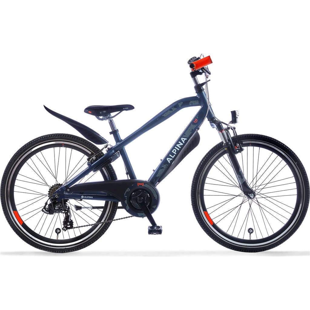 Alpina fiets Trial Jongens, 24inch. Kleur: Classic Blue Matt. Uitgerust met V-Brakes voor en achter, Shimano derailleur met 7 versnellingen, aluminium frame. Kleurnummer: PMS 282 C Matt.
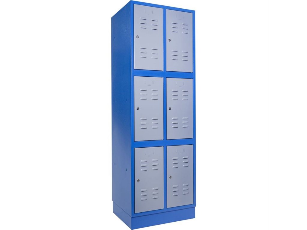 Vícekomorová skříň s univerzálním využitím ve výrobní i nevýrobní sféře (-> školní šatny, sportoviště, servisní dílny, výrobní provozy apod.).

---

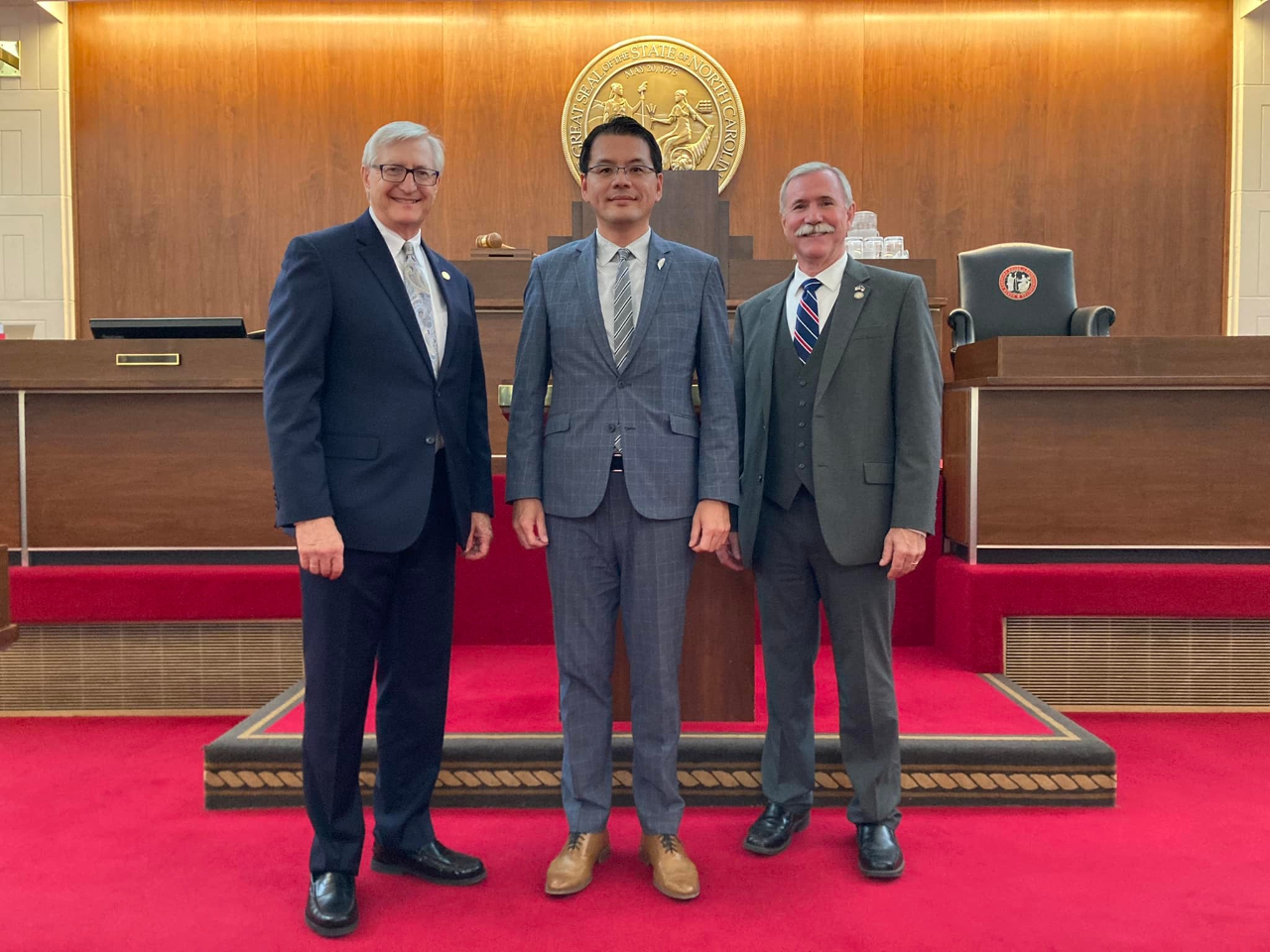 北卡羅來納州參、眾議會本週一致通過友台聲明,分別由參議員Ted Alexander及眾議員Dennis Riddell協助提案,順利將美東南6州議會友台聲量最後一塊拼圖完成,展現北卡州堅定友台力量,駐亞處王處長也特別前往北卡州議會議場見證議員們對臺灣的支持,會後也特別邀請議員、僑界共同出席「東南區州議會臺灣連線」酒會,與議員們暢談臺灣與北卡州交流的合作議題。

...

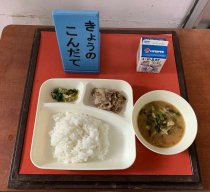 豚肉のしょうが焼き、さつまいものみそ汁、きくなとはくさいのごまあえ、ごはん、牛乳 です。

▸ What you should do
In the records above, find the line with "Alpina fiets Trial". Print exactly from there through the line with "Vícekomorová skříň s", minus the pictures.

▸ Solution below
 Alpina fiets Trial Jongens, 24inch. Kleur: Classic Blue Matt. Uitgerust met V-Brakes voor en achter, Shimano derailleur met 7 versnellingen, aluminium frame. Kleurnummer: PMS 282 C Matt.
 Vícekomorová skříň s univerzálním využitím ve výrobní i nevýrobní sféře (-> školní šatny, sportoviště, servisní dílny, výrobní provozy apod.).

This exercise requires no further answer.